On the Theoretical Foundation of Sparse Dictionary Learning in Mechanistic Interpretability

As AI models achieve remarkable capabilities across diverse domains, understanding what representations they learn and how they process information has become increasingly important for both scientific progress and trustworthy deployment. Recent works in mechanistic interpretability have shown that neural networks represent meaningful concepts as directions in their representation spaces and often encode diverse concepts in superposition. Various sparse dictionary learning (SDL) methods, including sparse autoencoders, transcoders, and crosscoders, address this by training auxiliary models with sparsity constraints to disentangle these superposed concepts into monosemantic features. These methods have demonstrated remarkable empirical success but have limited theoretical understanding. Existing theoretical work is limited to sparse autoencoders with tied-weight constraints, leaving the broader family of SDL methods without formal grounding. In this work, we develop the first unified theoretical framework considering SDL as one optimization problem. We demonstrate how diverse methods instantiate the theoretical framework and provide rigorous analysis of the optimization landscape. We provide novel theoretical explanations for empirically observed phenomena, including feature absorption and dead neurons. We design the Linear Representation Bench, a benchmark that strictly follows the Linear Representation Hypothesis, to evaluate SDL methods with fully accessible ground-truth features. Motivated by our theory and findings, we develop feature achoring, a novel technique applicable for all SDL methods, to enhance their feature recovery capabilities.

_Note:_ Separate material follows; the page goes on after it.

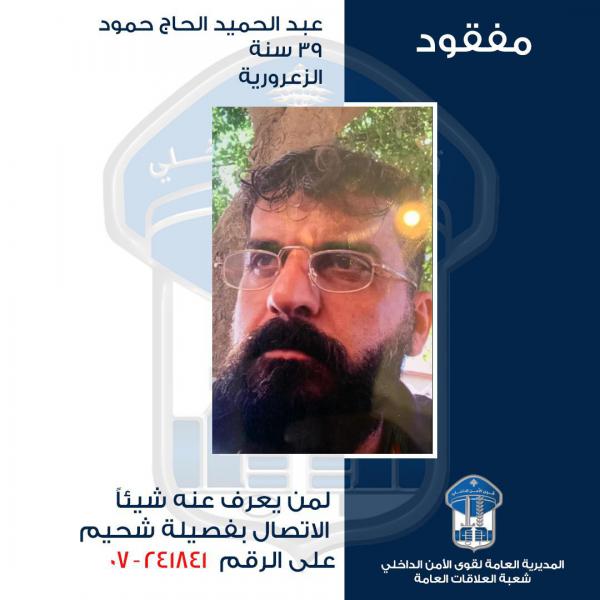 تعمم المديرية العامة لقوى الأمن الداخلي بناء على إشارة القضاء المختص، صورة المفقود: عبد الحميد الحاج حمود (مواليد عام 1983، سوري الجنسية)، الذي غادر منزله الكائن في بلدة الزعرورية بتاريخ 24/7/2022 ولم يعد لغاية تاريخه، بحسب بيان قوى الأمن.
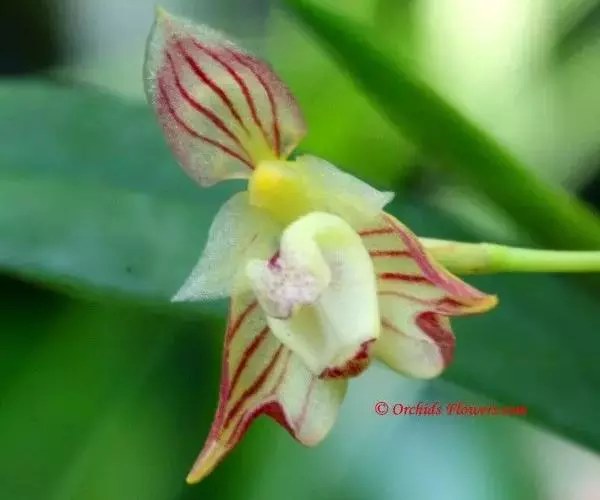花葶出自假鳞茎基部,1-3个,圆柱形,直立,连同花梗和子房长4-7厘米,顶生1朵花;花序柄长6-8毫米,粗约1毫米,基部具2-4枚紧抱于花序柄的干膜质鞘;花梗和子房长1-1.4厘米;花苞片膜质,卵形,长约3毫米;花多少点垂,淡黄色带紫色;中萼片近长圆形,长约1厘米,中部宽5毫米,先端急尖或锐尖,具5条脉,无毛,边缘全缘;侧萼片斜卵状三角形,与中萼片近等长,中部宽6毫米,中部以上偏侧而扭曲呈喙状,先端稍钝,基部贴生于蕊柱足而形成宽钝的萼囊,具5条脉。

翻译：随着人工智能模型在多个领域展现出卓越能力，理解它们学习何种表示以及如何处理信息，对于科学进步和可信部署都变得日益重要。机制可解释性领域的最新研究表明，神经网络将有意义的概念表示为表示空间中的方向，并经常以叠加方式编码多种概念。各种稀疏字典学习方法，包括稀疏自编码器、转码器和交叉编码器，通过训练具有稀疏性约束的辅助模型，将这些叠加概念解耦为单语义特征，从而解决这一问题。这些方法已展现出显著的实证成功，但其理论基础尚不完善。现有的理论工作仅限于具有权重绑定约束的稀疏自编码器，使得更广泛的稀疏字典学习方法缺乏形式化基础。在本工作中，我们首次提出了一个将稀疏字典学习视为单一优化问题的统一理论框架。我们展示了不同方法如何实例化该理论框架，并对优化景观进行了严格分析。我们为实证观察到的现象（包括特征吸收和死亡神经元）提供了新颖的理论解释。我们设计了严格遵循线性表示假设的基准测试平台——线性表示基准，用以在完全可访问真实特征的条件下评估稀疏字典学习方法。受我们的理论和发现启发，我们开发了一种适用于所有稀疏字典学习方法的新技术——特征锚定，以增强其特征恢复能力。